The Italian Finance Minister, Giovanni Tria, is convinced that his government and the European Commission agree on Italian government debt and government spending. Tria said that at the G20 ministerial conference in Fukuoka, Japan.

The European Commission threatens Rome with punitive measures because the government of Prime Minister Giuseppe Conte would borrow and spend way too much money. But according to Tria, the government is not opposed to the applicable budget rules and a deal with the commission is likely. The director of the Italian Central Bank, Ignazio Visco, added that the country’s indebtedness was not a topic at the G20 conference.

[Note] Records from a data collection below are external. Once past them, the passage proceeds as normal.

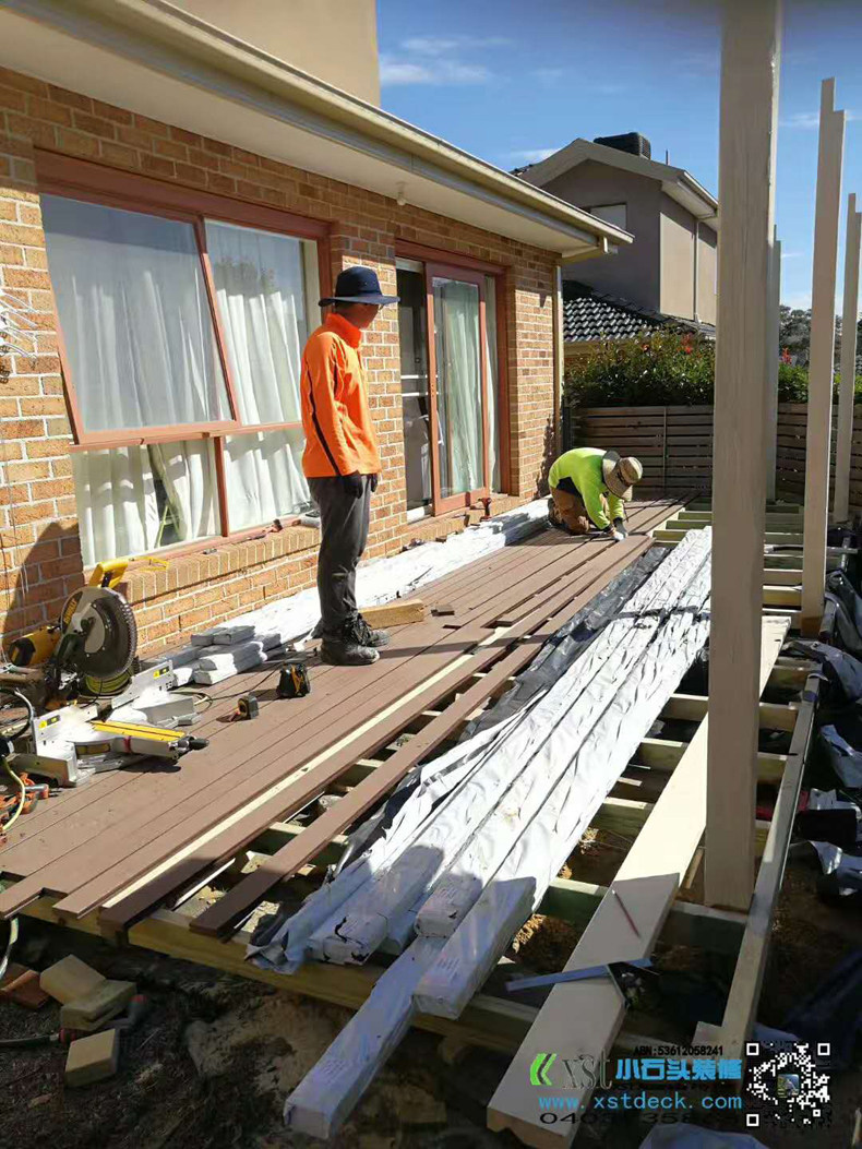 澳大利亚墨尔本 户外地板 塑木3m*8m 免油漆保养 不锈钢螺丝锁板 青灰色花园鹅卵石,灰色300m*600m方砖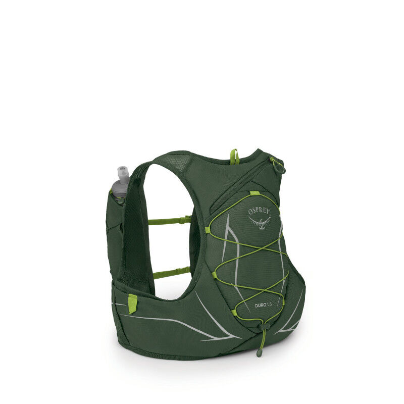 Løbevesten Duro 1.5 designet af Osprey til mænd tilbyder en række funktioner for at imødekomme de mest krævende løberes behov. Udstyret med to ekstra store lommer i strækbart mesh samt to nederste lommer til din ernæring, giver den dig mulighed for at organisere dit udstyr optimalt. Duro 1.5 er udstyret med et hydreringshylster med direkte adgang via lynlås og slangevej til nem påfyldning. To 500 ml bløde flasker er inkluderet for øjeblikkelig hydrering.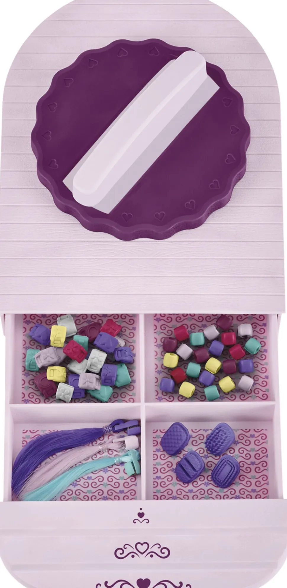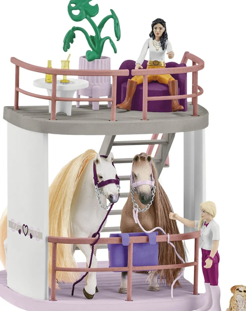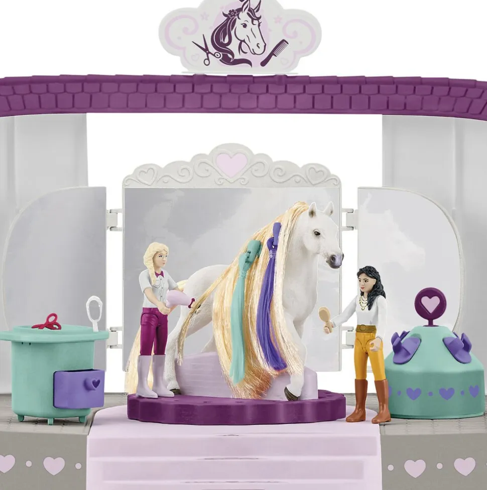 Pyh Med sådan et udvalg er det svært at vide, hvad man skal vælge staldfest, hestefødselsdag eller den første skoledag for det yngste føl Beauty-salonen fra Schleich HORSE CLUB Sofias Beauties har alt, hvad man kan drømme om til enhver hestebegivenhed Og takket være skrædderværkstedet kan alt tilbehør også laves efter mål Så små føl, sporty ponyer og stærke hingste kan stolt præsentere deres nye outfit på podiet Nedenunder er der en skuffe, hvor alt hårtilbehør, spænder og perler kan opbevares Vidste du, at du nemt kan udskifte og rede alle hestenes manke og hale? Ikke dårligt, vel? Og efter al den optræden fortjener dyrene masser af frisk hø i det hyggelige venteområde Der er endda kølig limonade Men det er kun til rytterne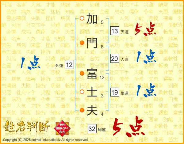 加(5画)門(8画) 富(12画)士(3画)夫(4画)
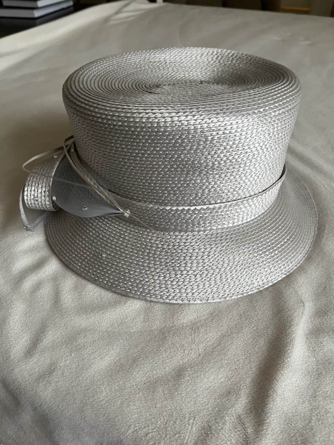 Elegant silver hat, perfect for weddings or other formal events. Features a stylish bow and feather accents. Lightweight and comfortable. Cash only Bathurst And Steeles Pick up

Italy has an exceptionally high debt burden. It has reached 132 percent of gross domestic product (GDP), while the EU states that this should not exceed 60 percent. In the Netherlands, that percentage has fallen to more than 52 percent, partly thanks to the economic recovery in recent years.

But that doesn’t happen in Italy. Rome only foresees a growth of 0.2 percent this year. The government wants to smooth the economy with extra spending. The budget deficit would then amount to 2.4 percent of GDP. That is the percentage that the European Commission already angrily rejected last year as contrary to the rules. Tria estimated in Japan on Sunday that the deficit would be somewhere around 2.1 or 2.2 percent of GDP.

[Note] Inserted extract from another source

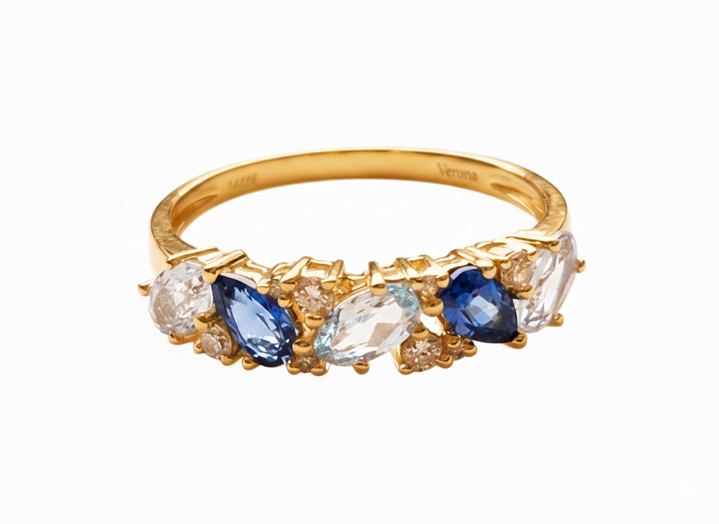Pierścionek wykonany z 14-karatowego złota (próba 585), wysadzany kompozycją topazów i brylantów. Front obrączki zdobią finezyjnie ułożone topazy w dwóch odcieniach: głębokim London Blue oraz świetlistym Sky Blue. Blasku całości dodają lśniące diamenty o krystalicznej barwie. Autentyczność kamieni szlachetnych potwierdza dołączony certyfikat Verony.
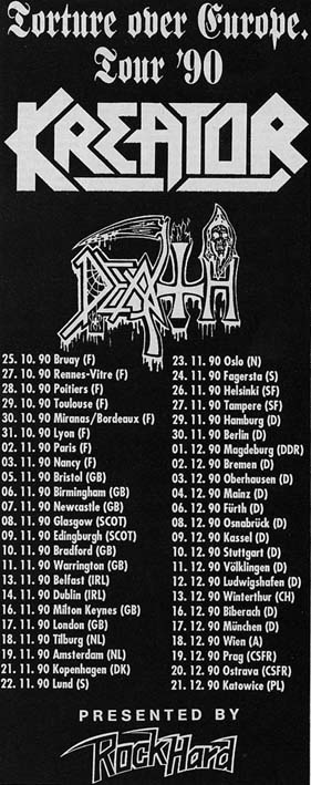 - ??/??/1994; Kreator are dropped by Noise in 1994 and only plays a few dates, Line up changes also slow things down;

The 70-year-old Tria is an economics professor who, like Prime Minister Conte, has been brought in as a moderating figure in the coalition government of two radical parties. These are the right-wing populist Lega and the Eurosceptic protest party M5S (Five Star Movement). The leaders of the two, Matteo Salvini and Luigi Di Maio, rarely agree, but they both think that the government needs to pump more money into the economy to get it going. They denounce the budget rules and cuts that Brussels is imposing.